Nova est prête. Formation exigeante, entrainement intensif. La voilà à deux doigts d'accéder à ce qu'elle désirait absolument : partir pour les étoiles. Mais une formalité légale se dresse entre elle et son but : une fête d'adieu. Car il faut savoir que ce voyage dans l'espace est à sens unique. Vu la durée du vol, Nova ne reviendra jamais sur Terre. Mais cela semble moins la déranger que la perspective de cette soirée festive…
La première page nous plonge directement et efficacement dans un monde futuriste : un long couloir aux couleurs métalliques, avec de possibles hublots et des éclairages blanc froid donne sur un siège, minuscule, dans le lointain. du type siège de pilote. On devine une tête, sorte de boule blanche, posée au sommet du dossier. La page suivante est une sorte de zoom avant qui va nous faire découvrir Nova dans sa tenue de spationaute. Elle ne la quittera jamais, même si elle portera une version plus courte lors de la fête.
Dès la première image, dès les premiers mots, on est dans un univers de SF. Tant dans les objets que dans les costumes. Et les personnages qui apparaissent ensuite, des scientifiques à l'allure stéréotypique (chauves, lunettes blanches aveugles – comme Nova, d'ailleurs –, blouse blanche), ne font rien pour changer l'atmosphère, au contraire. Tout comme l'évocation du voyage avec ses galaxies qui s'affichent en grand sur les pages. On est donc bien dans un récit de SF.
Mais tout bascule quand Nova accepte, contrainte et forcée, l'organisation de cette fête d'adieu qu'elle semblait vouloir éviter à tout prix.
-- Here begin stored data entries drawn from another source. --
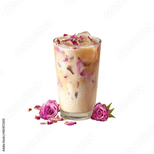 iced coffee, rose petal, pink rose, flower, ice, beverage, cafes, cafes, eatery, menu, food photography, delicious, tasty, sweet, floral, romantic, elegant, beautiful, high-quality, studio shot, closeup, isolated, iced tea, latte art, hot drink, tea
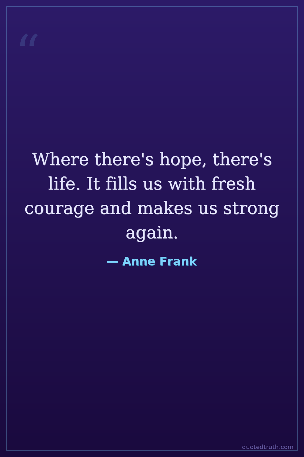 Where there's hope, there's life. It fills us with fresh courage and makes us strong again.
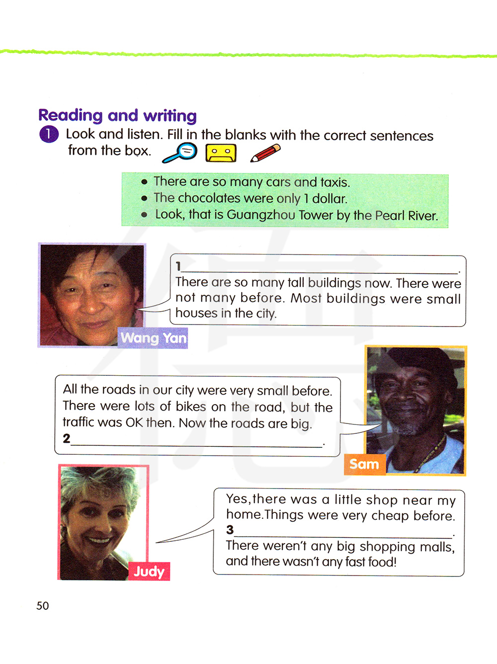 看图并听录音,用方框里的句子填空。
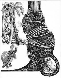 John Vernon Lord is another great character in the British illustration history. Born in 1939 and still producing amazing work. Here's a link for a very good biography http://www.illustrationcupboard.com/artist_bio.aspx?aId=283&aiPage=5The stories of Jaboti in the Amazon jungle are a witty and unpredictable - a good example of 1960's children's literature. It's great fun for adults as well because the animals are full of human qualities such as selfishness, self-delusion and other mischiefs.

Elle a d'ailleurs « introduit une demande d'exemption » refusée pour des questions juridiques (Ah ! Les craintes des procès sont décidément partout !). Comme rien n'y fait, elle va devoir supporter cela. Et on sent que cela lui pèse : il suffit de voir sa position abattue, transpirant à grosses gouttes à la page 18.
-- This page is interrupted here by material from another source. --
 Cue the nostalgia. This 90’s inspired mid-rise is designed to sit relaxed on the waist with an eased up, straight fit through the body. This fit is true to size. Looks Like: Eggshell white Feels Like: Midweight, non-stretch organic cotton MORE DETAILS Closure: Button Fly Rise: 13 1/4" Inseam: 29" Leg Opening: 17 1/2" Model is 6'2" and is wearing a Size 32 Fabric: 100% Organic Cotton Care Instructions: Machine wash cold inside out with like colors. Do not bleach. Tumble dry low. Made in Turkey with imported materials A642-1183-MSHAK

On en est qu'au début de l'histoire et l'espace est relégué au second plan Il réapparaîtra surtout sur la fin. Place aux amis venus de l'a jeunesse de Nova. Et à la difficulté d'être dans notre monde. Où l'on comprend mieux pourquoi la jeune fille a tant travaillé pour obtenir ce poste et est prête à tout quitter pour une mission, sinon suicide, du moins exigeante. Nova va donc retrouver trois anciens amis : Ulysse, Iseult et Alan. Je pourrais vous les décrire, mais ce serait vous gâcher la surprise. Car chacun a son bagage, plus ou moins lourd, plus ou moins évident à gérer. Mais dans tous les cas, difficile à supporter au quotidien. D'où la force de ces retrouvailles qui sont comme une coupure dans le quotidien. Et donc une façon, involontaire, de faire le point sur les existences. Et les écarts fabuleux qui existent entre les espérances de jeunesse, les passions, les moitiés, les amours, les désirs et la réalité du jour le jour. Avec la violence de la différence et de sa réception par les autres. Avec les claques subies, qui vous font baisser les bras.
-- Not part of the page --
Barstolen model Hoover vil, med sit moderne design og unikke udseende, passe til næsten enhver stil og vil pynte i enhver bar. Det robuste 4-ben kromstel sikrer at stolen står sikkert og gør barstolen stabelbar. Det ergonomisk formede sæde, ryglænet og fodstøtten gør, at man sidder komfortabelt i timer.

Les histoires des quatre anciens amis sont belles en elles-mêmes. Mais les dessins au feutre à alcool leur apportent une beauté singulière. Tout comme la mise en page, avec des procédés efficaces, éclairants (comme la multiplication de petites cases qui permettent de décrire de façon rapide une action, en la découpant en mini-séquences). Tout simplement beaux parfois : les silhouettes en ombre à travers les vitres de la page 99, Nova sur le lac où l'eau et l'espace se mêlent page 149.
Vive Noël et ses cadeaux surprises ! Je ne l'avais pas vu venir celui-là et c'est l'un de ceux qui m'a le plus plu. Je comprends tout à fait pourquoi il a obtenu le prix des Utopiales BD en 2023. La finesse d'analyse des caractères et la justesse de leurs interactions m'a laissé ému parfois, réjoui à d'autres moments. Et le dessin, qui ne m'avait pas attiré au premier abord, m'a complètement happé jusqu'à la dernière vignette. Merci.